Terminology can be a source of confusion, since it’s used loosely and inconsistently and mostly reflects historical connections between fields and communities.

“Algebra” is a particularly overloaded term: the meaning we used in the article, which also appears in “Boolean algebra” and “Algebraic Data Types”, originates from a branch of Maths called Universal Algebra. It’s defined as:

A set A, called the carrier.
Some finitary operations on A: functions that take tuples of elements of A and return an element of A.

which we called “carrier” and “combinators” respectively. The terms “introduction forms” and “elimination forms” come from logic via type theory instead.

Universal Algebra also introduces the concept of a signature, which defines the set of typed operation symbols without specifying the functions that would be the actual operations.
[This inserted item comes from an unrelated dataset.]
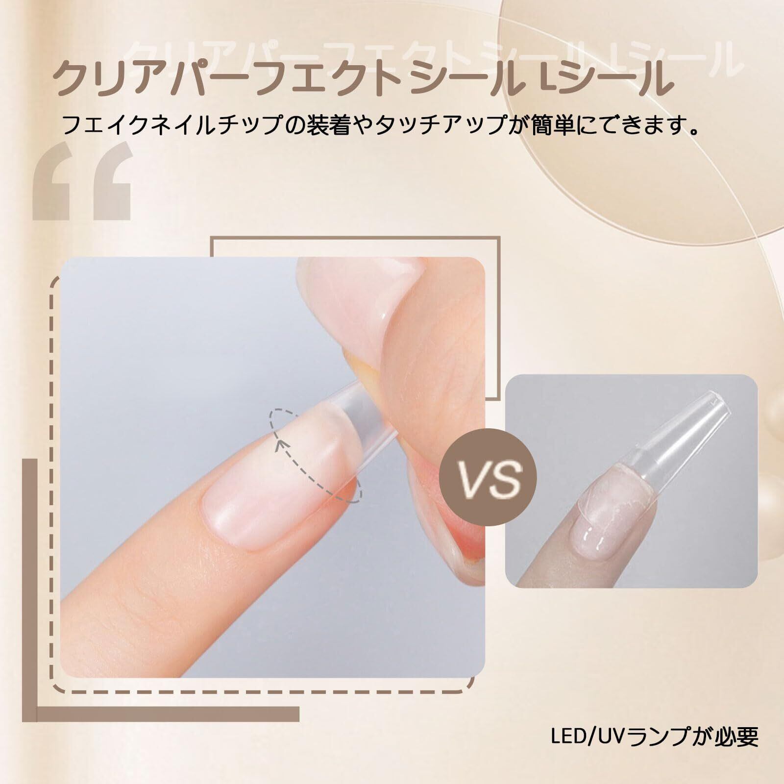 4in1多機能ネイルグルー:プレスオンネイルグルーには超強力で長持ちする特長があります。また、ベースコート&ネイル補強ジェル、パーツ固定専用ジェルとしても使用できます。ネイルランプの下で1-2分間の硬化が必要であり、ジェルが完全に乾いていることを確認してください
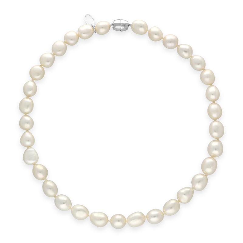 This stunning necklace features 10mm, baroque white pearls strung together with a barrel shaped sterling silver magnetic ball clasp, for ease and added security. A classic and beautiful addition to any jewellery collection, perfect for every day wear.

Signatures correspond roughly to the notion of “interface” in programming, and are often encoded in Scala via typeclasses.

The issue is that FP terminology uses the word “algebra” to also mean “signature”, for example in the phrase “algebras and interpreters” which roughly corresponds to “abstractions and implementations” (the usage of the word “interpreter” comes from the theory of embedded domain specific languages, or eDSLs).